The premise is that the camera parameters (internal and external parameters) are not known, only the "cameraMatrix" (ie Camera projection matrix, 4×3 matrix) under each view angle is known. How to solve the world coordinate point?
前提是相机参数(内外参)并不知道,只知道每个视角下的"cameraMatrix"(即Camera projection matrix,4×3大小的矩阵)已知的,请问如何求解该世界坐标点?
I wrote an algorithm to complete multiple point reconstruction using the least squares method. The following can be used as a reference, but matlab does not provide a similar function.
function points3D = TriangluateLS(matchedPoints1,camera_matrix1,...

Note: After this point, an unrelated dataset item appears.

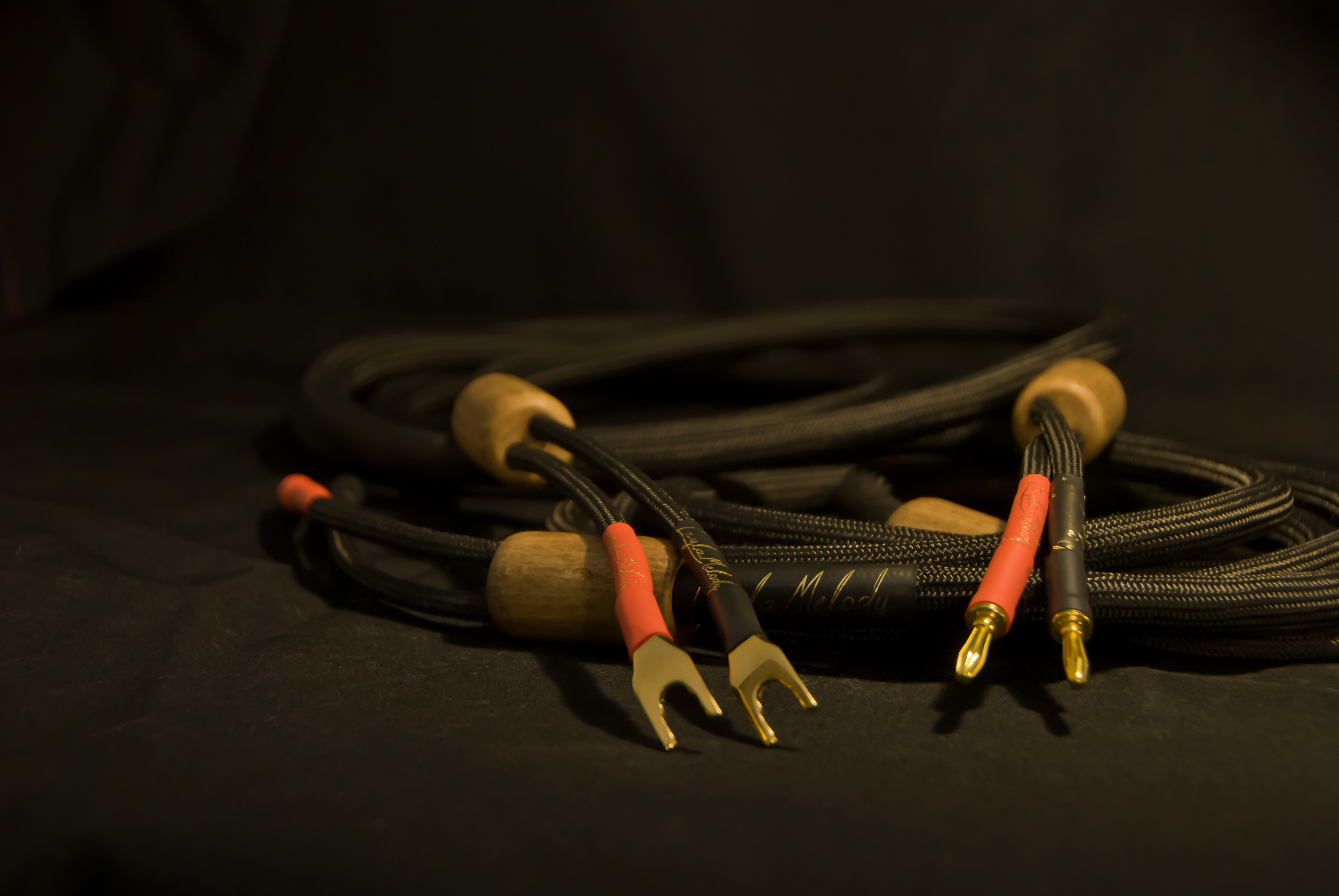 Kluczem do sukcesu było zastosowanie najwyższej czystości miedzi beztlenowej (O.F.C) 6N. W specjalnym ułożeniu koła z poszczególnymi żyłami wychodzącymi z jego okręgu. Przewodniki zbudowane są z 120 żył o przekroju 0,2mm dające przekrój 4mm². Dzięki skomplikowanemu procesowi produkcji osiągnęliśmy rezystancje 4,31Ω/Km wynoszącą niewiarygodne 0,00431Ω na metr! Dając efekt "pustego przewodu", tak bardzo pożądany w przypadku kabli głośnikowych. Izolacja wykonana jest jednym z najlepszych izolatorów kablowych - polichlorku winylu (PVC) w aż 3 różnych gęstościach. Skutecznie niwelując pojemność pomiędzy przewodnikami i izolując od zewnętrznych zakłóceń. Kabel zakończony pozłacanymi wtykami z beztlenowej miedzi o wysokiej czystości. Pokryty niezwykle wytrzymałym drobnym oplotem nylonowym do zastosowań wojskowych. Splitter'y wykonujemy własnoręcznie z woskowanego drewna bukowego. Nadają one kablu unikalny ekskluzywny wygląd podkreślający piękno każdej kolumny.

% 功能: 最小二乘法多对(n>=2,n<=4)匹配点三维点重建。
% 输入:matchedPoints, m*2 double [x,y] 图像坐标点,其余matchedPoints类推,顺序要对应,大小一致
% camera_matrix, 3*4 double 相机矩阵P,形如P =
% [m11,m12,m13,m14;m21,m22,m23,m24;m31,m32,m33,m34];其余类推
% 输出: points3D,m*3 double [x,y,z],重建后的三维点坐标
% reference:
% author:cuixingxing
% email:
% 2018.7.31
minArgs=4;% 最少2对匹配点
maxArgs=8;% 最多4对匹配点
if mod(nargin,2)~=0
m = size(matchedPoints1,1); % 点个数
points3D = zeros(m,3);
for i = 1:m
[A1,b1] = GetCoff(matchedPoints1(i,:),camera_matrix1);
[A2,b2] = GetCoff(matchedPoints2(i,:),camera_matrix2);
A = [A1;A2];
b = [b1;b2];
if length(varargin) == 2 % 3对
[A3,b3] = GetCoff(varargin{1}(i,:),varargin{2});
A(5:6,:) = A3;
b(5:6,:) = b3;
if length(varargin) == 4
[A3,b3] = GetCoff(varargin{1}(i,:),varargin{2});
[A4,b4] = GetCoff(varargin{3}(i,:),varargin{4});
A(5:8,:) = [A3;A4];
b(5:8,:) = [b3;b4];
sol = A\b;
points3D(i,1:3) = sol;
GetCoff.m :
function [A,b] = GetCoff(matchedPoints,camera_matrix)
% 功能:获取系数
% 输入,matchedPoints,m*2 double 点集坐标
% camera_matrix, 3*4 相机矩阵
% 输出:A,2*1 double
% b,2*1 double
% reference:
% author:cuixingxing
% email:
% 2018.7.31
u1 = matchedPoints(:,1);v1 = matchedPoints(:,2);
m11 = camera_matrix(1,1);m12 = camera_matrix(1,2);m13 = camera_matrix(1,3);m14 =camera_matrix(1,4);
m21 = camera_matrix(2,1);m22 = camera_matrix(2,2);m23 = camera_matrix(2,3);m24 =camera_matrix(2,4);
m31 = camera_matrix(3,1);m32 = camera_matrix(3,1);m33 = camera_matrix(3,3);m34 =camera_matrix(3,4);
A = [u1.*m31-m11,u1.*m32-m12,u1.*m33-m13;
b = [m14-u1.*m34;

Accepted Answer

Qu Cao
Qu Cao on 8 Apr 2021
Edited: Qu Cao on 8 Apr 2021
triangulateMultiview requires both camera poses and intrinsic parameters inputs to compute the 3-D world positions corresponding to point tracks across different images. Internally, camera projection matrices are computed based on these two inputs. You can take a look at the code implementation of triangulateMultiview and reuse some of the pieces to write a function for your workflow. Just be aware that this approach is not recommended as the internal code is not documented or tested.
  1 Comment
cui on 9 Apr 2021
Through the source code view, I found the internal calling method I want. It would be better if it can be implemented in open source.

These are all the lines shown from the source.